A junior developer suggests making every agent a Review & Critique loop. What is the valid concern behind this, and what is the counterargument?
The Router Agent pattern requires accurate classification. How would you evaluate whether your router is accurate enough for production?
Agent-as-a-Tool gives agents flexibility but makes debugging harder. What tracing would you add to make it auditable?

Coding Lab

Lab: Build a Multi-Pattern Research Pipeline

Combine Routing Agent, Parallel Agents, and Review & Critique into a research pipeline.

Setup

pip install anthropic python-dotenv tiktoken

Part 1 — Routing Agent

Create agents/router.py. Implement a Router class with three routes: technical, research, legal. Each route has a domain-specific agent with its own tools. The router classifies the query and dispatches to the correct specialist.

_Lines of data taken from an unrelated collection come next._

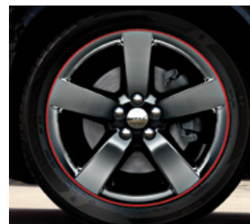
Ruedas de aluminio en negro brillante de 20 pulgadas con eje central y borde rojos (estándares en Rallye Redline e incluidas en el grupo R/T Redline para R/T y R/T Plus)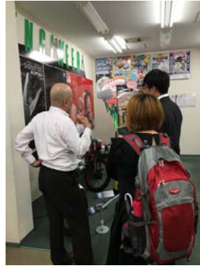
參觀株式会社エンジニア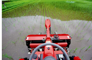
運転席からの視点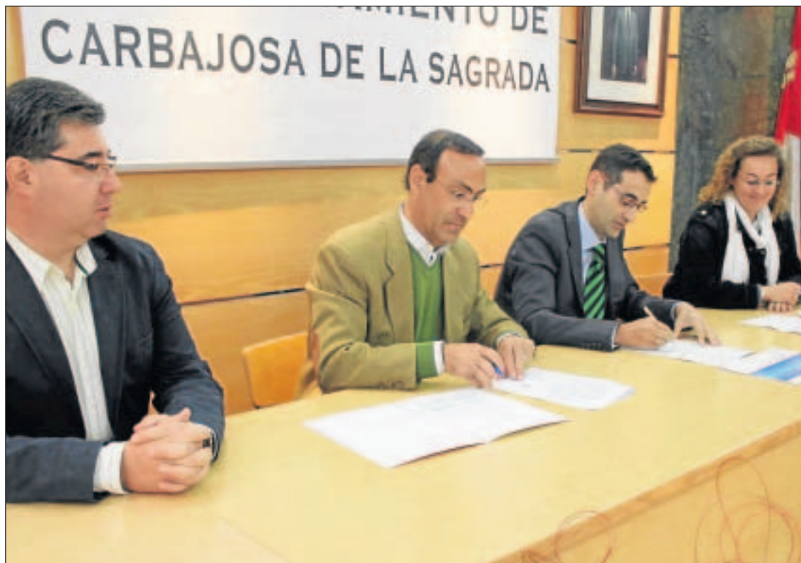
Momento de la firma del acuerdo entre el Ayuntamiento y la Universidad de Salamanca, ayer en Carbajosa de la Sagrada.

Desde el Ayuntamiento estiman que con esta firma se beneficiarán un millar de pequeños. La forma para acceder a este servicio es a través del número de teléfono del Ayuntamiento. Los interesados ya pueden apuntarse, puesto que la Usal comenzará las prácticas a partir del próximo mes de noviembre, concretamente el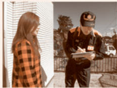
住宅訪問調査の様子

Part 2 — Parallel Specialist Investigation

Create agents/specialists.py. Implement three specialists: TechnicalResearcher, LegalResearcher, GeneralResearcher. Each uses tiktoken to count tokens. Each returns {findings, sources, confidence}.

Part 3 — Review & Critique Loop

Create agents/reviewer.py. Implement a Critic agent that reviews specialist outputs for accuracy and completeness. Implement a ReviewLoop class that runs up to 2 revision rounds and produces a final confidence score.

Part 4 — Combine into Pipeline

class ResearchPipeline:
    def __init__(self):
        self.router = Router()
        self.reviewer = ReviewLoop()

    def run(self, query: str, route: str = None) -> dict:
        route = route or self.router.classify(query)
        specialists = self.router.get_specialists(route)
        results = ParallelAgents(specialists).run(query)
        findings = self.reviewer.run(results, query)
        return {"route": route, "findings": findings, "specialists_used": [s.__class__.__name__ for s in specialists]}

Part 5 — Eval

Run the pipeline on 5 test queries: one clearly technical, one clearly legal, one general research, one ambiguous, one requiring multiple specialists. Measure routing accuracy, revision rounds, and final confidence score.

Reflection Questions

Which pattern was hardest to implement, and why?
How would you add a human checkpoint to this pipeline?
What would make this pipeline production-ready for a real company?

Agentic design patterns are vocabulary for building AI systems. Know them all, combine them freely, and choose based on the problem — not the pattern that sounds most impressive.